Knowing your HIV status is the right thing to do

It was on the 14 June 2009 when I told my girlfriend that we should go for HIV blood tests. If fact, this I suggested a week before the 14th and due to workload, I postponed it.

On 14th night I told her I will leave early at work and we would go straight to the Doctor who will conduct the blood test on both of us. At the time, she said it would be the second time she does HIV blood test while myself on the other hand, it will be my first time.

That night, I told her the importance – as I saw it – of doing blood tests as this would probably provide us with some light as to whether she could be pregnant or just one of those reasons.

Without disputing the idea, she agreed that it would be the right thing to do. Most importantly, as we both agreed, the blood tests should have taken place prior to any love making that could have taken place before.
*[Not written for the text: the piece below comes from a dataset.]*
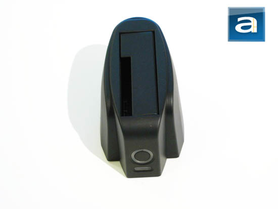 The front of the dock has two separate blue LEDs; one of it is in done in a circular fashion as a ring with translucent plastic finish. It's used to indicate whether the HDD docking station is powered on or not. Below that is another LED, but this time it is rectangular. This LED is used to indicate hard drive activity. Meanwhile, the top of the iStarUSA xAGE includes the spring loaded push-down cover for the insertion of either a 2.5 inch or a 3.5 inch hard drive. The cover pops down when a 3.5 inch hard drive is inserted and pops up when it is removed. There is also a small cutout in the plastic, where the 2.5 inch hard drive fits in in the same fashion.

On 15 June 2009, she knocked off earlier as usual. Upon her arrival at home, she called to remind me not to forget to leave work earlier so that we can see the Doctor as early as possible before closing time, 17h00 pm.

When I left for the Doctor in town, I first called her to meet me at the Doctor’s surgeon as I had previously given her directions to which she was familiar with. Fortunately, she never got lost.

At first, I was anxious and kinda in a hurry as to when will the Doctor attend to us as we were not as terminally sick as other patients because, I thought to myself, surely blood tests are not quite a time consuming procedures compared to other procedures.

Why a Blood tests?
This is a question commonly asked by everyone ‘who wants to do blood tests?
Initially, both she and I discussed the importance of blood test as the following, amongst others:

a) To know each other’s HIV status: negative or not,
b) As an indication that we cared for one another, and not just oneself,
c) As a guideline in taking our relationship further, and, I told the Doctor,
d) To know or familiarise ourselves with illness we have be affected or infected with which we were not aware of, previously,
e) The danger of not knowing one’s health/HIV status

These, it appeared the night before the testing, were mainly reasons we saw the importance of knowing our HIV status.

Often than not, one is confronted with many a questions especially when such has informed his family, friends and colleagues of one’s intention – blood testing. It is during this stage that one is confronted with questions such as: ‘why do you want to take blood tests?’, ‘why would you want to do that now and not later?’, or worse, ‘why do you want to know your status anyway, isn’t better not knowing?

Is it not better knowing? I may ask too.

Fortunately, both our results were negative and we moved on with our lives.
And I would advise that you take your partner and do the same, if you love and care for one another, that is. This will be the first and greatest step in any relationship, and the one step you would both feel proud and brave for having taken.